> **Work request**:
Output the whole listing exactly, with no pictures.
Given data Block Start
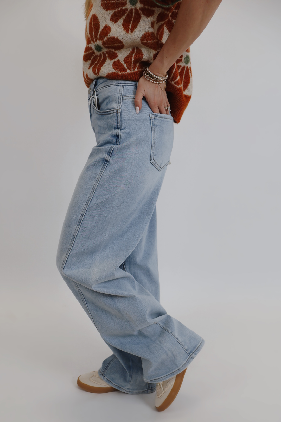 Step into effortless style with our Mid Rise Barrel Jeans in a fresh light wash. Designed with a flattering mid-rise waist and a modern barrel leg silhouette, these jeans offer a relaxed yet structured fit that’s both comfortable and fashion-forward. The unique curved seam detail adds a contemporary touch, while the soft, premium denim provides all-day wearability.
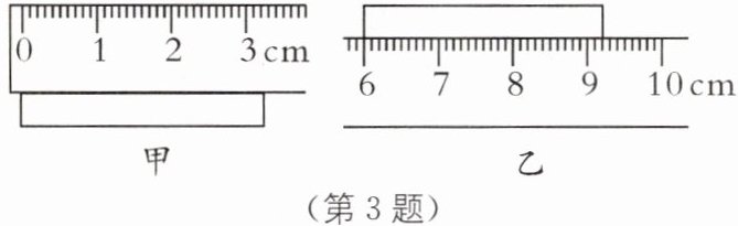 3 如图甲、乙所示是同一把刻度尺的不同部分,这把刻度尺的分度值是______cm.用这把刻度尺来测量物体的长度,图中测量方法正确的是______(填“甲”或“乙”),用正确方法测得的物体长度是______cm.
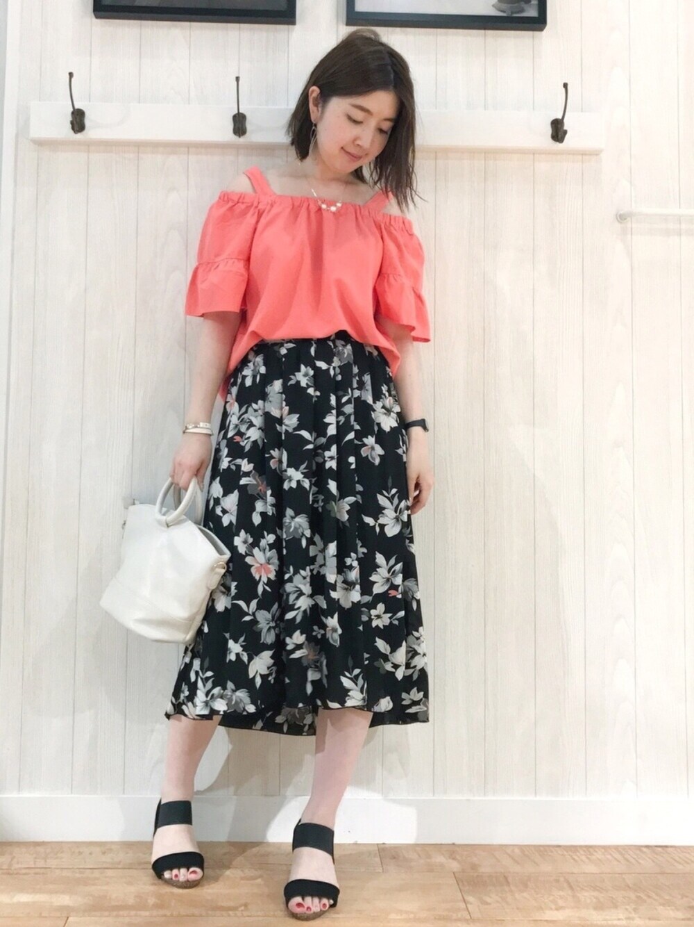 ご覧いただきありがとうございます(*^o^*) いつも いいねやお気に入り+、フォローもありがとうございます♡ 本日は、ピンク×ブラック✨ ハッキリ濃いめのオレンジっぽいピンクに一目惚れ♡😍 明るい色を着ると、夏な感じで元気が出ます☺️ こちらのDRESKIPのオフショルブラウスは、肩の紐をボタンで取り外し可能です◎ 紐なしで、ヘルシーに肩出し♪ もしくはあまり肩を出さなくても大丈夫です^^ 別ショットは肩出し弱めに着てます♡ 花柄スカートは、以前イエローをはいていた分の色違い^^ 黒地に白のお花が可愛いです💕😍 全体で黒の分量が多いので、バッグとネックレスは白で明るさを出しました♡😆 見てくださってありがとうございます♡ インスタもマイペースですが、更新中(^ ^) ぜひこちらも遊びに来て下さい♡ Instagram▷rina_y26
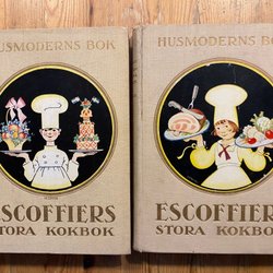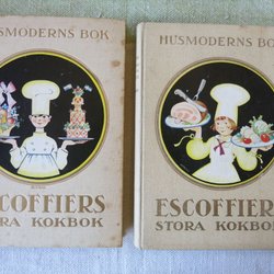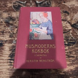 En äldre upplaga av Husmoderns Kokbok. Innehåller recept och matsedlar och charmiga gamla annonser.
Given data Block End
> **Exercise output**:
 Step into effortless style with our Mid Rise Barrel Jeans in a fresh light wash. Designed with a flattering mid-rise waist and a modern barrel leg silhouette, these jeans offer a relaxed yet structured fit that’s both comfortable and fashion-forward. The unique curved seam detail adds a contemporary touch, while the soft, premium denim provides all-day wearability.
 3 如图甲、乙所示是同一把刻度尺的不同部分,这把刻度尺的分度值是______cm.用这把刻度尺来测量物体的长度,图中测量方法正确的是______(填“甲”或“乙”),用正确方法测得的物体长度是______cm.
 ご覧いただきありがとうございます(*^o^*) いつも いいねやお気に入り+、フォローもありがとうございます♡ 本日は、ピンク×ブラック✨ ハッキリ濃いめのオレンジっぽいピンクに一目惚れ♡😍 明るい色を着ると、夏な感じで元気が出ます☺️ こちらのDRESKIPのオフショルブラウスは、肩の紐をボタンで取り外し可能です◎ 紐なしで、ヘルシーに肩出し♪ もしくはあまり肩を出さなくても大丈夫です^^ 別ショットは肩出し弱めに着てます♡ 花柄スカートは、以前イエローをはいていた分の色違い^^ 黒地に白のお花が可愛いです💕😍 全体で黒の分量が多いので、バッグとネックレスは白で明るさを出しました♡😆 見てくださってありがとうございます♡ インスタもマイペースですが、更新中(^ ^) ぜひこちらも遊びに来て下さい♡ Instagram▷rina_y26
 En äldre upplaga av Husmoderns Kokbok. Innehåller recept och matsedlar och charmiga gamla annonser.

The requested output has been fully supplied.